■ Assigned task ■
With the pictures left out, print exactly the lines below that run from the one containing "Bunte Zeichnung und" through the one containing "Добавляем яйцо с".

■ Task data ■
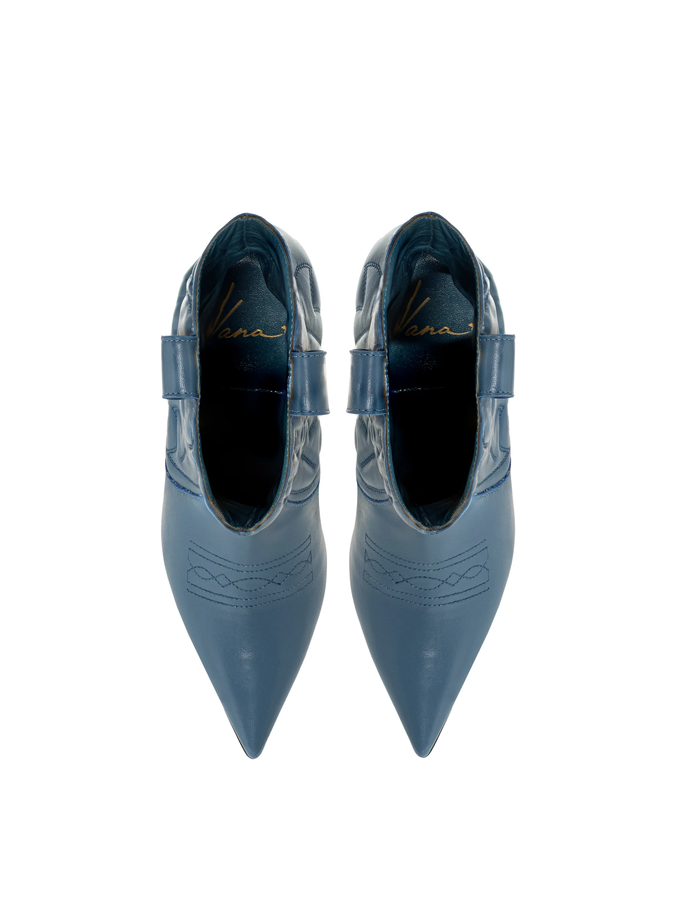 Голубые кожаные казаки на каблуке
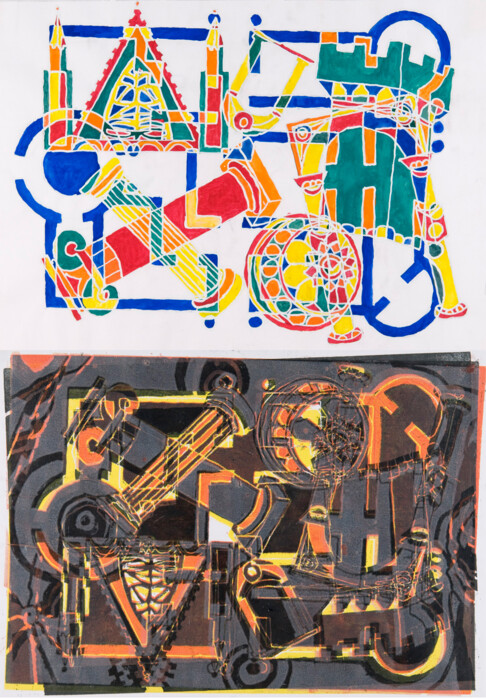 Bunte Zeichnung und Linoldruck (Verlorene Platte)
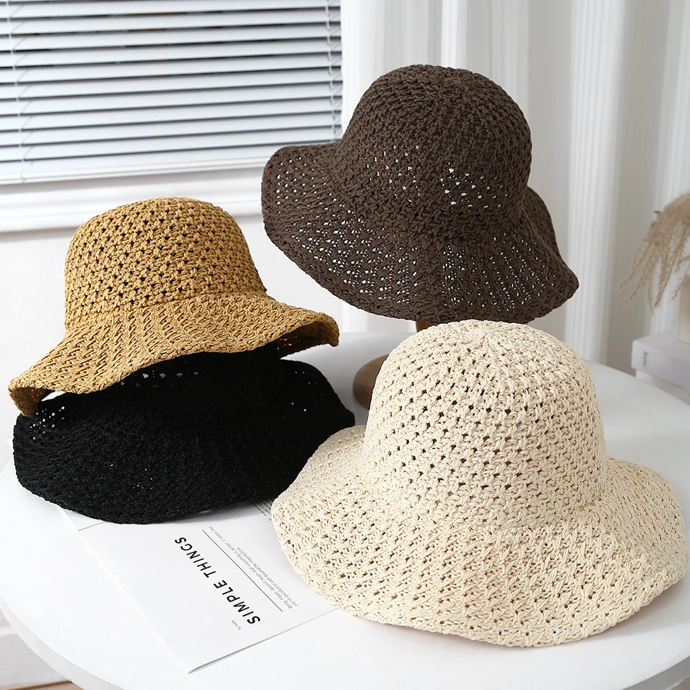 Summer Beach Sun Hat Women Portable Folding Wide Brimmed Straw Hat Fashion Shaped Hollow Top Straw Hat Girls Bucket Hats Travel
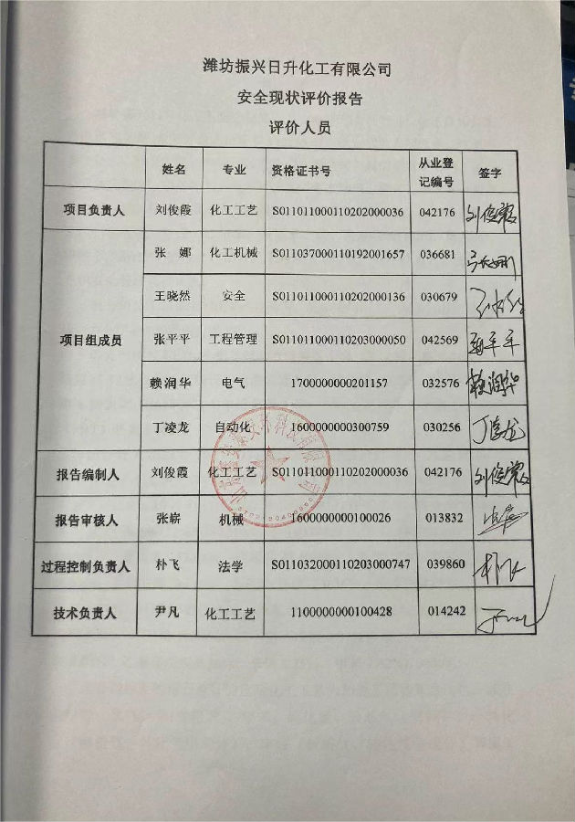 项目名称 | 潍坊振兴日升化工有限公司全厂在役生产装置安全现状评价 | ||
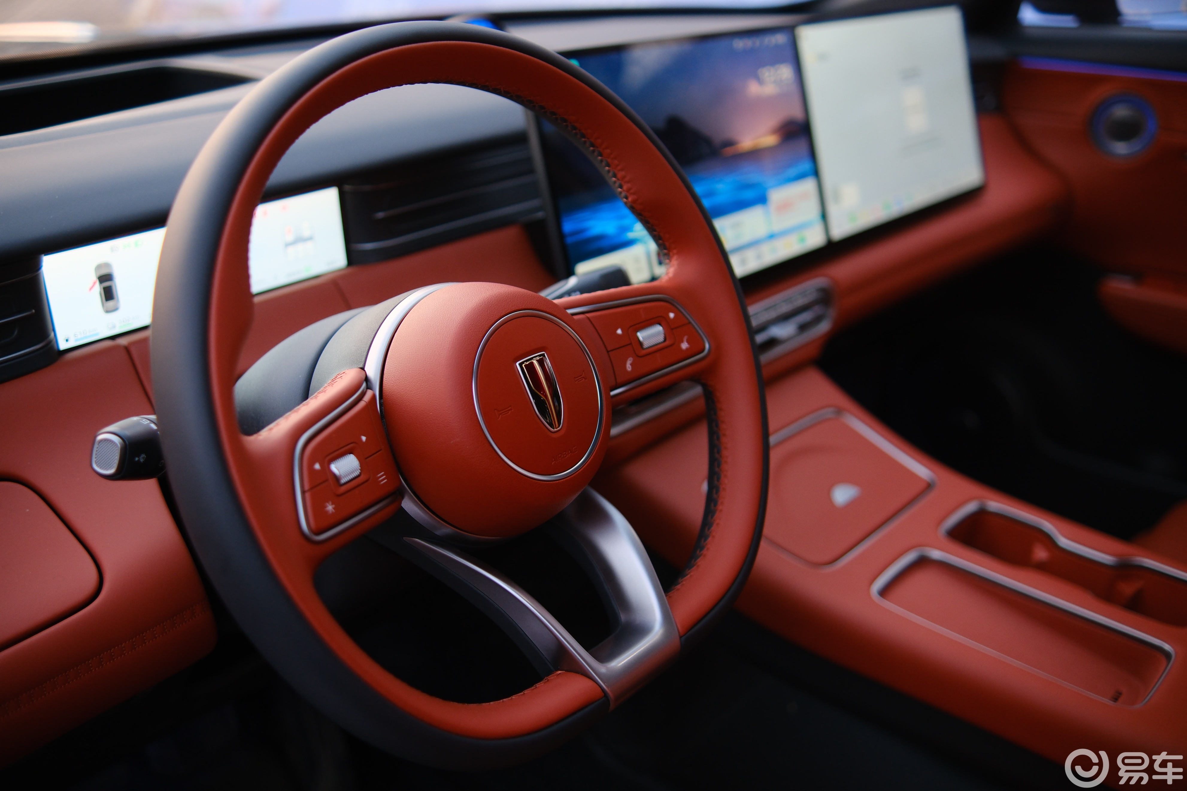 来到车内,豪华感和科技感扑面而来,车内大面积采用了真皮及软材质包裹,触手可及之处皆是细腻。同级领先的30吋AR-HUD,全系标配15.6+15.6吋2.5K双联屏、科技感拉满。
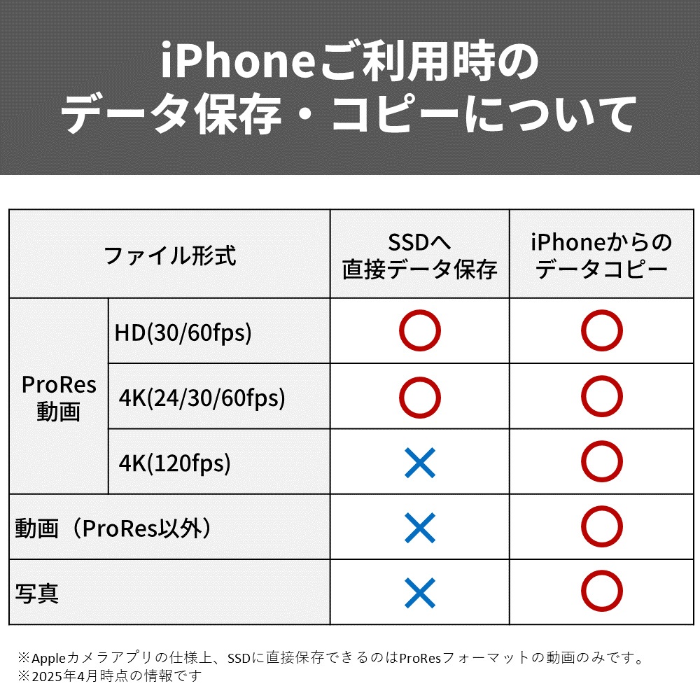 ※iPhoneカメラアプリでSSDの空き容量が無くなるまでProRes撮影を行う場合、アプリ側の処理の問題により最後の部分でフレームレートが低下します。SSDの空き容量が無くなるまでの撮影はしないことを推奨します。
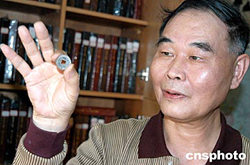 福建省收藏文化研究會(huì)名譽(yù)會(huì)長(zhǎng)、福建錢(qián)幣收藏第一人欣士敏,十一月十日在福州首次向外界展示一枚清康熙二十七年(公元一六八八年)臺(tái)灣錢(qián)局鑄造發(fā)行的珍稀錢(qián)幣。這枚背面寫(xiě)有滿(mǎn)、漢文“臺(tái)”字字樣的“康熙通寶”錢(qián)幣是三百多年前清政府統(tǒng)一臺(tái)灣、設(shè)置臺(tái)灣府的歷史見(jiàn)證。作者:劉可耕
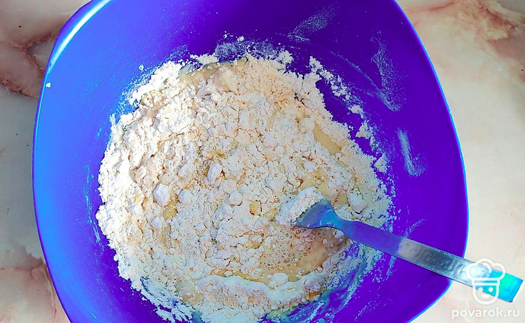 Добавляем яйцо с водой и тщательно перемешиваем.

==

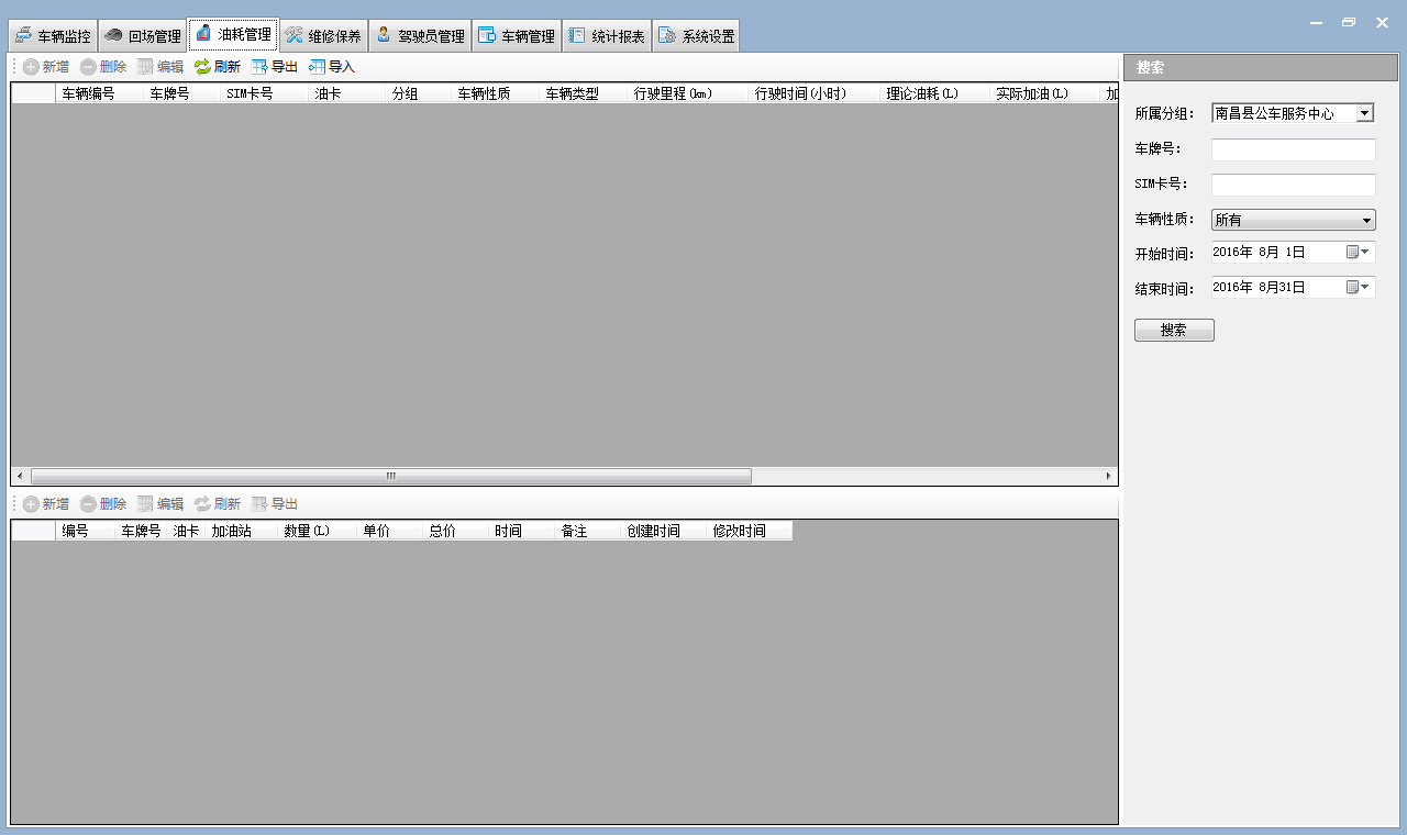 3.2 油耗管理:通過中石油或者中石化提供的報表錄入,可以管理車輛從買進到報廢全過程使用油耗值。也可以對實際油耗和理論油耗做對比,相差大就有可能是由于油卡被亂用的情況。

...

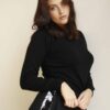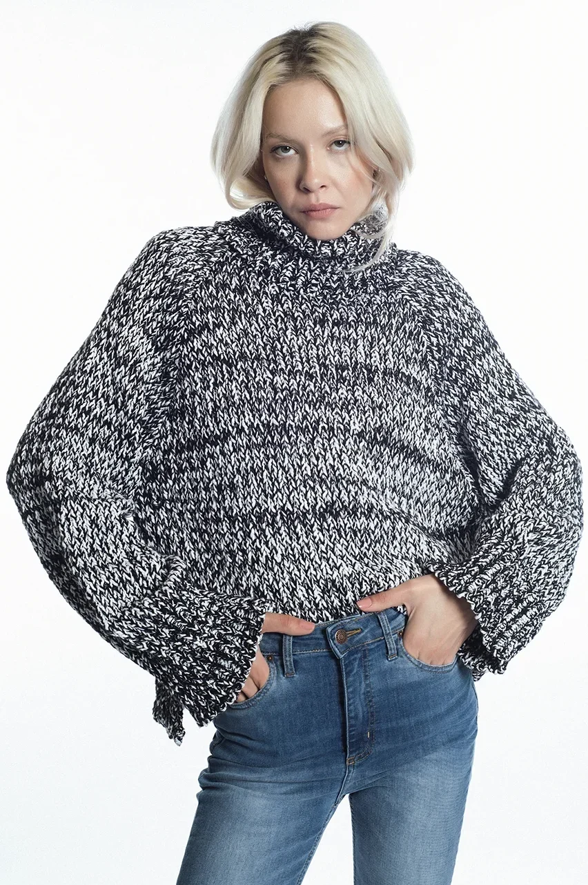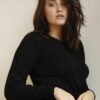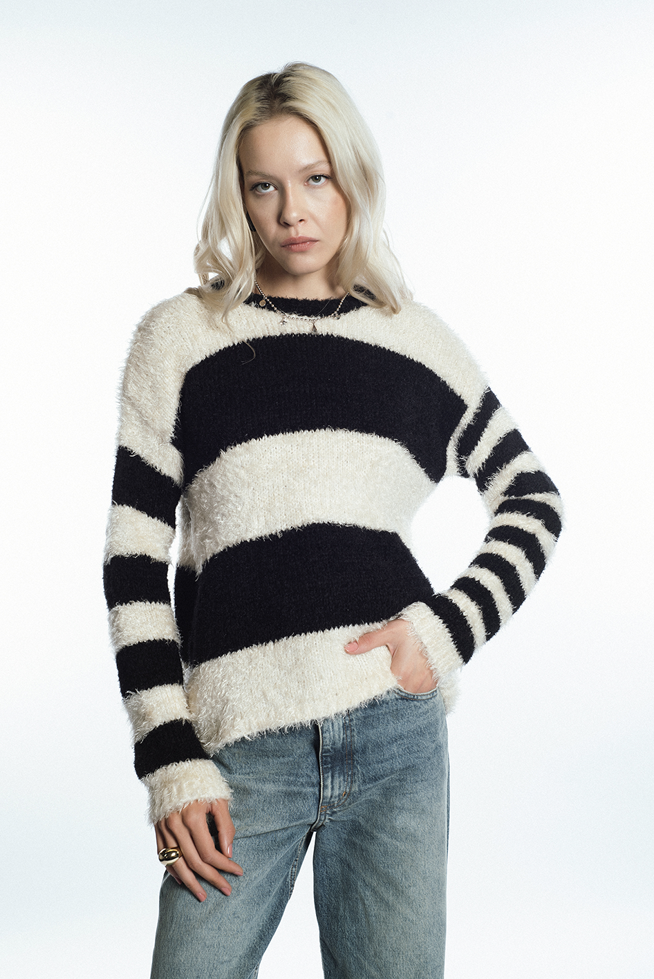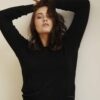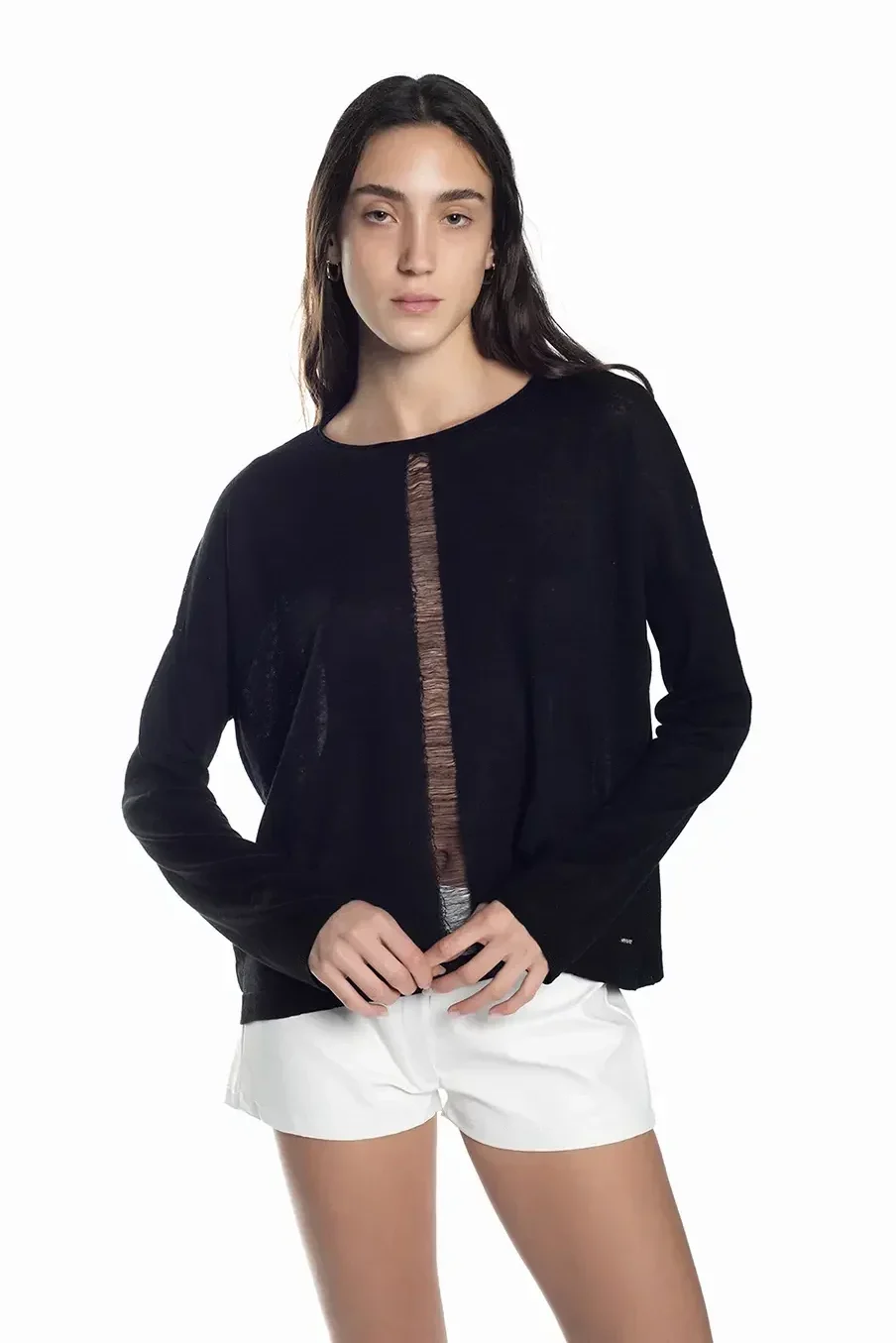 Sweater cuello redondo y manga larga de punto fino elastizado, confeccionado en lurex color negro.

■ Problem solution ■
 Bunte Zeichnung und Linoldruck (Verlorene Platte)
 Summer Beach Sun Hat Women Portable Folding Wide Brimmed Straw Hat Fashion Shaped Hollow Top Straw Hat Girls Bucket Hats Travel
 项目名称 | 潍坊振兴日升化工有限公司全厂在役生产装置安全现状评价 | ||
 来到车内,豪华感和科技感扑面而来,车内大面积采用了真皮及软材质包裹,触手可及之处皆是细腻。同级领先的30吋AR-HUD,全系标配15.6+15.6吋2.5K双联屏、科技感拉满。
 ※iPhoneカメラアプリでSSDの空き容量が無くなるまでProRes撮影を行う場合、アプリ側の処理の問題により最後の部分でフレームレートが低下します。SSDの空き容量が無くなるまでの撮影はしないことを推奨します。
 福建省收藏文化研究會(huì)名譽(yù)會(huì)長(zhǎng)、福建錢(qián)幣收藏第一人欣士敏,十一月十日在福州首次向外界展示一枚清康熙二十七年(公元一六八八年)臺(tái)灣錢(qián)局鑄造發(fā)行的珍稀錢(qián)幣。這枚背面寫(xiě)有滿(mǎn)、漢文“臺(tái)”字字樣的“康熙通寶”錢(qián)幣是三百多年前清政府統(tǒng)一臺(tái)灣、設(shè)置臺(tái)灣府的歷史見(jiàn)證。作者:劉可耕
 Добавляем яйцо с водой и тщательно перемешиваем.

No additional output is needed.